═════ Data provided

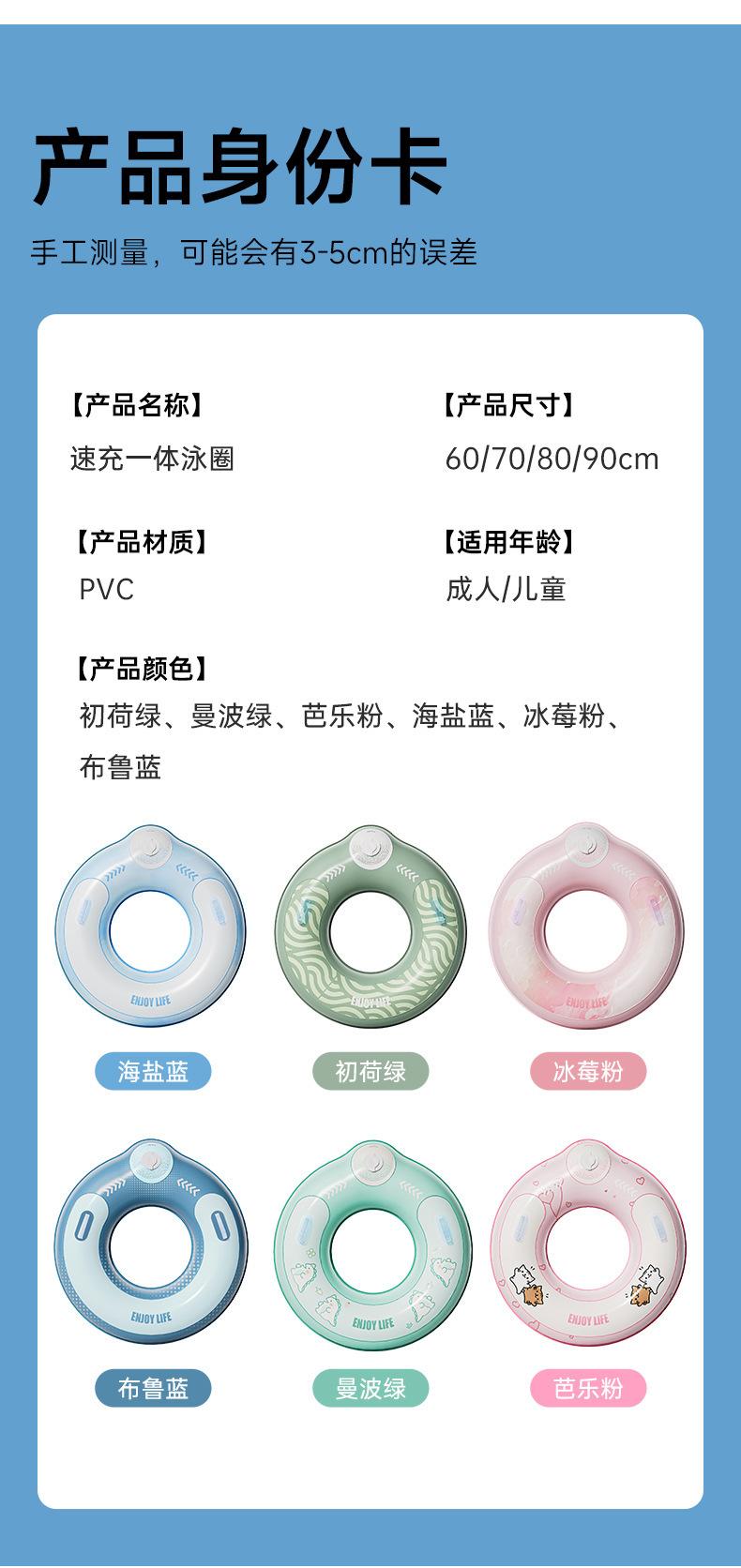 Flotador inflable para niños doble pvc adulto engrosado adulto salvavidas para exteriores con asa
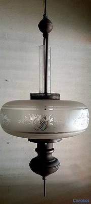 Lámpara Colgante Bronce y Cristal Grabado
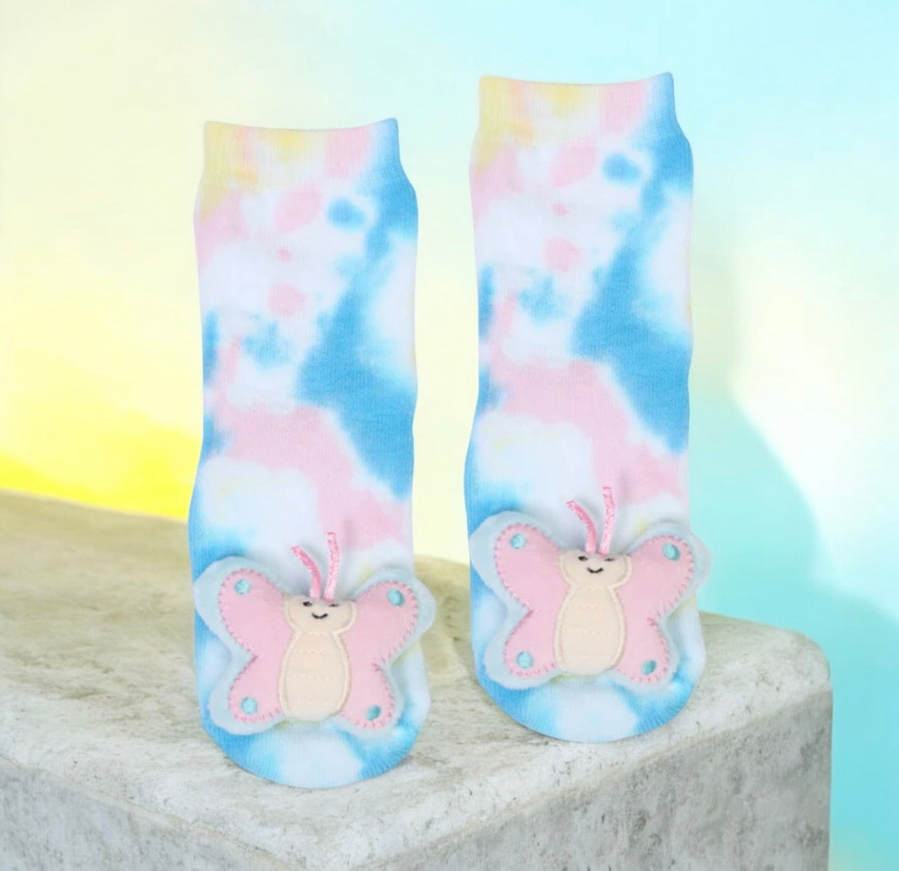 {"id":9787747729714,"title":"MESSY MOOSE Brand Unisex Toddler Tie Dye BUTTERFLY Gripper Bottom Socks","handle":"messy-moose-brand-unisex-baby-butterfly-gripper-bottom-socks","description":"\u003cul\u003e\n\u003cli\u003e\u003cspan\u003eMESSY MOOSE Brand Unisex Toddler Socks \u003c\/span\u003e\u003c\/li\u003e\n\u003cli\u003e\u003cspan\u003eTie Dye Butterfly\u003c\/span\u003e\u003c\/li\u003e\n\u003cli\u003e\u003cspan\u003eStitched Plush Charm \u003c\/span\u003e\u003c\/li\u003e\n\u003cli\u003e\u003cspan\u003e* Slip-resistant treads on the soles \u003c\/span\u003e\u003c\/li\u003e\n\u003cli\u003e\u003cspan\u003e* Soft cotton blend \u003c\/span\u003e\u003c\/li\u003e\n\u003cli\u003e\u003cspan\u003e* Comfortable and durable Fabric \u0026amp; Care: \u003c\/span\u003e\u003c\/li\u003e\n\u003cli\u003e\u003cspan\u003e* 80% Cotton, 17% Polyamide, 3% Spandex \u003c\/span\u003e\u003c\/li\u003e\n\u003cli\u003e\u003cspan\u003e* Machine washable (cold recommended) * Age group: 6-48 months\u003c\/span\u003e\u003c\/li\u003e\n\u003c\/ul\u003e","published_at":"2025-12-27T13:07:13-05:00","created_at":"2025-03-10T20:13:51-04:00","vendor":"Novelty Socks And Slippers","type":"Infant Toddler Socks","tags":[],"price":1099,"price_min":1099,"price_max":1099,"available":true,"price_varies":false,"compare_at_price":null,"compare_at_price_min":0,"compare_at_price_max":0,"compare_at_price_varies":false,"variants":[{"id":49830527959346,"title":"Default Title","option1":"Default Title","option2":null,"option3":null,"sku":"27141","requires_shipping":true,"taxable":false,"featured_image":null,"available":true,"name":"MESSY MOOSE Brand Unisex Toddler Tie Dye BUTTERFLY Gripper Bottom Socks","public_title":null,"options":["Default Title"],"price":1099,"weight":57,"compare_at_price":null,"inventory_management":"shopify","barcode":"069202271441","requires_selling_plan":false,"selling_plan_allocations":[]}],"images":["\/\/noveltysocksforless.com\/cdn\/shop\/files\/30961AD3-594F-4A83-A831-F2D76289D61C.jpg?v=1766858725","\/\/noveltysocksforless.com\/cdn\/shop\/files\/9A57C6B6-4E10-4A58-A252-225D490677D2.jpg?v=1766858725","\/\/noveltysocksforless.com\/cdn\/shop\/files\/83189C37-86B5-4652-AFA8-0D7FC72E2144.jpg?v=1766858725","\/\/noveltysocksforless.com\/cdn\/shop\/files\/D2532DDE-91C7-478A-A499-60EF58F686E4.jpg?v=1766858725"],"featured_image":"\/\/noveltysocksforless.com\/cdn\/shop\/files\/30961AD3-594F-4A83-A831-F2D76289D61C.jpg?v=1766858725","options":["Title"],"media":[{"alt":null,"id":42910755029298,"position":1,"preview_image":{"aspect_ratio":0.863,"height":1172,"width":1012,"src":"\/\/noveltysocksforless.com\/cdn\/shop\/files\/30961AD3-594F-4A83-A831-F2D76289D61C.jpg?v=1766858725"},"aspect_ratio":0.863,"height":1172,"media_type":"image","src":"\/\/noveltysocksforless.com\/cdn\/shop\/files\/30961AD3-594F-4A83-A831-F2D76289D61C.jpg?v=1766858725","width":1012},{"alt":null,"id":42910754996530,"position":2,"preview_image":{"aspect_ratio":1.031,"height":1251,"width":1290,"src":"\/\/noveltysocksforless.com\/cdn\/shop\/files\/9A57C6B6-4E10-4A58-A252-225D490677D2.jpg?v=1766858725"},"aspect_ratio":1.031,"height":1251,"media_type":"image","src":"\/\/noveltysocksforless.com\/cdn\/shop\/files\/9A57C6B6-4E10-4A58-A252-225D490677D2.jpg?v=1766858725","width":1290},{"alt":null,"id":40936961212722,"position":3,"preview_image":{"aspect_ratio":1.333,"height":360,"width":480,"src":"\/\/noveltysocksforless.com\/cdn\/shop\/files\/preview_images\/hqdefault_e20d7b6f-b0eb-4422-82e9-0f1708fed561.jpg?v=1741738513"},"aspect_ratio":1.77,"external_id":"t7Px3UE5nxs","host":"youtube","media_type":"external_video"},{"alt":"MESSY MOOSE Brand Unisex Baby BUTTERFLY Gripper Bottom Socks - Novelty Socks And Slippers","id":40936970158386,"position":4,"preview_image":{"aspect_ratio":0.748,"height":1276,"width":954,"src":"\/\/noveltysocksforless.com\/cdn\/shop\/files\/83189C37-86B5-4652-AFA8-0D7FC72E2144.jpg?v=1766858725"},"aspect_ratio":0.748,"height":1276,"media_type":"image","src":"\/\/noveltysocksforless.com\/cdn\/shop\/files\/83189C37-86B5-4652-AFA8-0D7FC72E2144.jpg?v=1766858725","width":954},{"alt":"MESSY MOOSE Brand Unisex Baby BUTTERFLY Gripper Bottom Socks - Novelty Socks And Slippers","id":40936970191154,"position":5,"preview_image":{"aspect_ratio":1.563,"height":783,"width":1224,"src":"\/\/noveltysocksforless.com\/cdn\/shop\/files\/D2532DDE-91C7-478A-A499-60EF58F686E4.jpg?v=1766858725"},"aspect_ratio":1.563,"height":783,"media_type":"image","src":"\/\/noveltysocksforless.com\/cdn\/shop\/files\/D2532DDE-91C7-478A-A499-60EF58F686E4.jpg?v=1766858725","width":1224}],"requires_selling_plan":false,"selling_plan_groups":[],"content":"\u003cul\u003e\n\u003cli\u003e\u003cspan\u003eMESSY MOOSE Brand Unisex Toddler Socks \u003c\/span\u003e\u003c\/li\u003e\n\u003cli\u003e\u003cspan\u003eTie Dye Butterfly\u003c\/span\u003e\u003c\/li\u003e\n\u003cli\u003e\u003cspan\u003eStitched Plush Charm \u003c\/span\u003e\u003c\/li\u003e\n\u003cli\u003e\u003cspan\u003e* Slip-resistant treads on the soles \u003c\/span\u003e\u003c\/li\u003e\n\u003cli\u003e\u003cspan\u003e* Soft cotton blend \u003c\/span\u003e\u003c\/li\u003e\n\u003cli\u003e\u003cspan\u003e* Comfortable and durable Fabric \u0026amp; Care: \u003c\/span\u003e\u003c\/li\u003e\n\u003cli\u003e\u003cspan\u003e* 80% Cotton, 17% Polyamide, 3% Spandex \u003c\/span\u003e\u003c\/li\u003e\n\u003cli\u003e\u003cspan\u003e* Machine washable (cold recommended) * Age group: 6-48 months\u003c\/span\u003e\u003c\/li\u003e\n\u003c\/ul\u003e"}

══════════

# Exercise brief
The finished copy should match the data above word for word and contain no pictures.

# Answer for the task
 Flotador inflable para niños doble pvc adulto engrosado adulto salvavidas para exteriores con asa
 Lámpara Colgante Bronce y Cristal Grabado
 {"id":9787747729714,"title":"MESSY MOOSE Brand Unisex Toddler Tie Dye BUTTERFLY Gripper Bottom Socks","handle":"messy-moose-brand-unisex-baby-butterfly-gripper-bottom-socks","description":"\u003cul\u003e\n\u003cli\u003e\u003cspan\u003eMESSY MOOSE Brand Unisex Toddler Socks \u003c\/span\u003e\u003c\/li\u003e\n\u003cli\u003e\u003cspan\u003eTie Dye Butterfly\u003c\/span\u003e\u003c\/li\u003e\n\u003cli\u003e\u003cspan\u003eStitched Plush Charm \u003c\/span\u003e\u003c\/li\u003e\n\u003cli\u003e\u003cspan\u003e* Slip-resistant treads on the soles \u003c\/span\u003e\u003c\/li\u003e\n\u003cli\u003e\u003cspan\u003e* Soft cotton blend \u003c\/span\u003e\u003c\/li\u003e\n\u003cli\u003e\u003cspan\u003e* Comfortable and durable Fabric \u0026amp; Care: \u003c\/span\u003e\u003c\/li\u003e\n\u003cli\u003e\u003cspan\u003e* 80% Cotton, 17% Polyamide, 3% Spandex \u003c\/span\u003e\u003c\/li\u003e\n\u003cli\u003e\u003cspan\u003e* Machine washable (cold recommended) * Age group: 6-48 months\u003c\/span\u003e\u003c\/li\u003e\n\u003c\/ul\u003e","published_at":"2025-12-27T13:07:13-05:00","created_at":"2025-03-10T20:13:51-04:00","vendor":"Novelty Socks And Slippers","type":"Infant Toddler Socks","tags":[],"price":1099,"price_min":1099,"price_max":1099,"available":true,"price_varies":false,"compare_at_price":null,"compare_at_price_min":0,"compare_at_price_max":0,"compare_at_price_varies":false,"variants":[{"id":49830527959346,"title":"Default Title","option1":"Default Title","option2":null,"option3":null,"sku":"27141","requires_shipping":true,"taxable":false,"featured_image":null,"available":true,"name":"MESSY MOOSE Brand Unisex Toddler Tie Dye BUTTERFLY Gripper Bottom Socks","public_title":null,"options":["Default Title"],"price":1099,"weight":57,"compare_at_price":null,"inventory_management":"shopify","barcode":"069202271441","requires_selling_plan":false,"selling_plan_allocations":[]}],"images":["\/\/noveltysocksforless.com\/cdn\/shop\/files\/30961AD3-594F-4A83-A831-F2D76289D61C.jpg?v=1766858725","\/\/noveltysocksforless.com\/cdn\/shop\/files\/9A57C6B6-4E10-4A58-A252-225D490677D2.jpg?v=1766858725","\/\/noveltysocksforless.com\/cdn\/shop\/files\/83189C37-86B5-4652-AFA8-0D7FC72E2144.jpg?v=1766858725","\/\/noveltysocksforless.com\/cdn\/shop\/files\/D2532DDE-91C7-478A-A499-60EF58F686E4.jpg?v=1766858725"],"featured_image":"\/\/noveltysocksforless.com\/cdn\/shop\/files\/30961AD3-594F-4A83-A831-F2D76289D61C.jpg?v=1766858725","options":["Title"],"media":[{"alt":null,"id":42910755029298,"position":1,"preview_image":{"aspect_ratio":0.863,"height":1172,"width":1012,"src":"\/\/noveltysocksforless.com\/cdn\/shop\/files\/30961AD3-594F-4A83-A831-F2D76289D61C.jpg?v=1766858725"},"aspect_ratio":0.863,"height":1172,"media_type":"image","src":"\/\/noveltysocksforless.com\/cdn\/shop\/files\/30961AD3-594F-4A83-A831-F2D76289D61C.jpg?v=1766858725","width":1012},{"alt":null,"id":42910754996530,"position":2,"preview_image":{"aspect_ratio":1.031,"height":1251,"width":1290,"src":"\/\/noveltysocksforless.com\/cdn\/shop\/files\/9A57C6B6-4E10-4A58-A252-225D490677D2.jpg?v=1766858725"},"aspect_ratio":1.031,"height":1251,"media_type":"image","src":"\/\/noveltysocksforless.com\/cdn\/shop\/files\/9A57C6B6-4E10-4A58-A252-225D490677D2.jpg?v=1766858725","width":1290},{"alt":null,"id":40936961212722,"position":3,"preview_image":{"aspect_ratio":1.333,"height":360,"width":480,"src":"\/\/noveltysocksforless.com\/cdn\/shop\/files\/preview_images\/hqdefault_e20d7b6f-b0eb-4422-82e9-0f1708fed561.jpg?v=1741738513"},"aspect_ratio":1.77,"external_id":"t7Px3UE5nxs","host":"youtube","media_type":"external_video"},{"alt":"MESSY MOOSE Brand Unisex Baby BUTTERFLY Gripper Bottom Socks - Novelty Socks And Slippers","id":40936970158386,"position":4,"preview_image":{"aspect_ratio":0.748,"height":1276,"width":954,"src":"\/\/noveltysocksforless.com\/cdn\/shop\/files\/83189C37-86B5-4652-AFA8-0D7FC72E2144.jpg?v=1766858725"},"aspect_ratio":0.748,"height":1276,"media_type":"image","src":"\/\/noveltysocksforless.com\/cdn\/shop\/files\/83189C37-86B5-4652-AFA8-0D7FC72E2144.jpg?v=1766858725","width":954},{"alt":"MESSY MOOSE Brand Unisex Baby BUTTERFLY Gripper Bottom Socks - Novelty Socks And Slippers","id":40936970191154,"position":5,"preview_image":{"aspect_ratio":1.563,"height":783,"width":1224,"src":"\/\/noveltysocksforless.com\/cdn\/shop\/files\/D2532DDE-91C7-478A-A499-60EF58F686E4.jpg?v=1766858725"},"aspect_ratio":1.563,"height":783,"media_type":"image","src":"\/\/noveltysocksforless.com\/cdn\/shop\/files\/D2532DDE-91C7-478A-A499-60EF58F686E4.jpg?v=1766858725","width":1224}],"requires_selling_plan":false,"selling_plan_groups":[],"content":"\u003cul\u003e\n\u003cli\u003e\u003cspan\u003eMESSY MOOSE Brand Unisex Toddler Socks \u003c\/span\u003e\u003c\/li\u003e\n\u003cli\u003e\u003cspan\u003eTie Dye Butterfly\u003c\/span\u003e\u003c\/li\u003e\n\u003cli\u003e\u003cspan\u003eStitched Plush Charm \u003c\/span\u003e\u003c\/li\u003e\n\u003cli\u003e\u003cspan\u003e* Slip-resistant treads on the soles \u003c\/span\u003e\u003c\/li\u003e\n\u003cli\u003e\u003cspan\u003e* Soft cotton blend \u003c\/span\u003e\u003c\/li\u003e\n\u003cli\u003e\u003cspan\u003e* Comfortable and durable Fabric \u0026amp; Care: \u003c\/span\u003e\u003c\/li\u003e\n\u003cli\u003e\u003cspan\u003e* 80% Cotton, 17% Polyamide, 3% Spandex \u003c\/span\u003e\u003c\/li\u003e\n\u003cli\u003e\u003cspan\u003e* Machine washable (cold recommended) * Age group: 6-48 months\u003c\/span\u003e\u003c\/li\u003e\n\u003c\/ul\u003e"}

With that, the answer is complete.